## Exercise brief
You are asked to repeat the listing word for word and to leave out its pictures.

## Given information
--- START ---
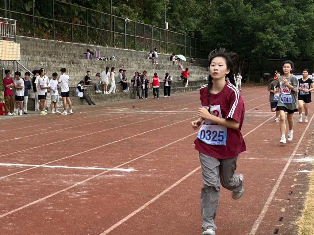 在女子1500米的赛场上,陈卓莹同学挑战着自己的极限,她目光坚定,步伐沉稳,一步一个脚印,用汗水书写坚持。在不懈的拼搏后,她赢得了第八名的荣誉,闪耀在赛场上。
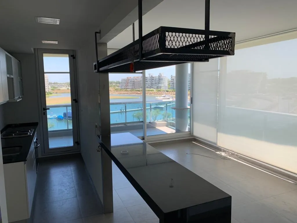 Departamento de 2 ambientes en el edificio Delta 8, en Puerto Escondido (Nordelta), con doble frente y vista al río. Está en el 3er piso, con 2 baños y orientación de esquina. Se alquila con opción de venta; disponible a partir del 1ro de abril. Aptro profesional.
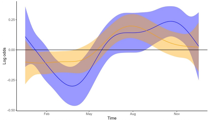 GAMM模型进一步揭示,狼群对湿地的选择在1-7月持续增强,而对河狸巢穴的利用则呈现"U型"曲线:4月最低(log odds=-0.8),6月转为正选择,10月达峰值(log odds=1.2)。这种精确的时间动态证实了狼群能敏锐捕捉河狸活动规律,在驼鹿幼崽可捕食性降低的夏末秋初转换捕食策略。
--- END ---
## Solution for this problem
 在女子1500米的赛场上,陈卓莹同学挑战着自己的极限,她目光坚定,步伐沉稳,一步一个脚印,用汗水书写坚持。在不懈的拼搏后,她赢得了第八名的荣誉,闪耀在赛场上。
 Departamento de 2 ambientes en el edificio Delta 8, en Puerto Escondido (Nordelta), con doble frente y vista al río. Está en el 3er piso, con 2 baños y orientación de esquina. Se alquila con opción de venta; disponible a partir del 1ro de abril. Aptro profesional.
 GAMM模型进一步揭示,狼群对湿地的选择在1-7月持续增强,而对河狸巢穴的利用则呈现"U型"曲线:4月最低(log odds=-0.8),6月转为正选择,10月达峰值(log odds=1.2)。这种精确的时间动态证实了狼群能敏锐捕捉河狸活动规律,在驼鹿幼崽可捕食性降低的夏末秋初转换捕食策略。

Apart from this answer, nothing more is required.